Roy provides good explanations of some of the AHCA’s regulatory changes that have merit. These include:

  1. relaxation of Obamacare’s community rating standards, meaning that insurers have more flexibility to charge premia based on age and other risk factors, thus mitigating the pricing distortions caused by cross-subsidies on the individual market;
  2. a rollback in the required minimum actuarial value (AV) of an insurance plan (the ratio of plan-paid medical expenses to total medical expenses);
  3. elimination of federal essential benefits requirements.

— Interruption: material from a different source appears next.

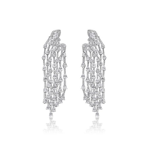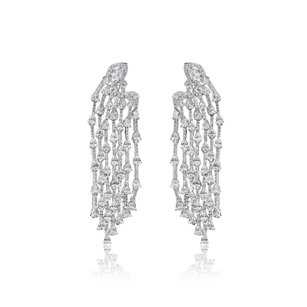 A gorgeous pair of silver toned statement earrings made with clear Cubic Zirconia stones
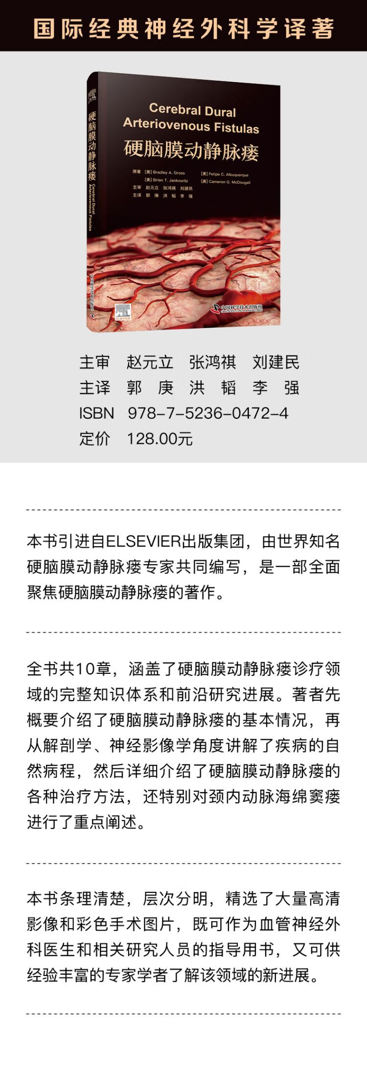 本书引进自 ELSEVIER 出版集团,是一部全面聚焦硬脑膜动静脉瘘的著作。著者先概要介绍了硬脑膜动静脉瘘的基本情况,再从解剖学、神经影像学角度讲解了疾病的自然病程,然后详细介绍了硬脑膜动静脉瘘的各种治疗方法,还特别对颈内动脉海绵窦瘘进行了重点阐述。本书内容实用,阐释简明,精选大量高清影像和彩色手术图片,系统阐述了硬脑膜动静脉瘘诊疗领域的完整知识体系和前沿研究进展,既可作为血管神经外科医生和相关研究人员的指导用书,又可供经验丰富的专家学者了解该领域的新进展。

Roy provides context for these proposed changes relative to Obamacare. For example, regarding AV, he says:

“[In] the old individual market, prior to Obamacare, the typical actuarial value of a plan was about 40 percent. Obamacare drives that up effectively to 70 percent. That has a corresponding effect on premiums; it makes premiums a lot more expensive. In the AHCA, those actuarial value mandates are repealed. Which should provide a lot more opportunity for plans to design more affordable insurance policies for individuals.“

Even with Obamacare’s high AV requirements, an insurer could make money by virtue of the law’s “risk corridors”, which were intended to cover losses for insurers as they adjusted to the new regulations and as the exchange market matured, but those bailouts were temporary, and development of the exchanges did not go exactly as hoped. Insurers have been ending their participation in the exchange market, leaving even less than the limited choices available under Obamacare and little competition to restrain pricing.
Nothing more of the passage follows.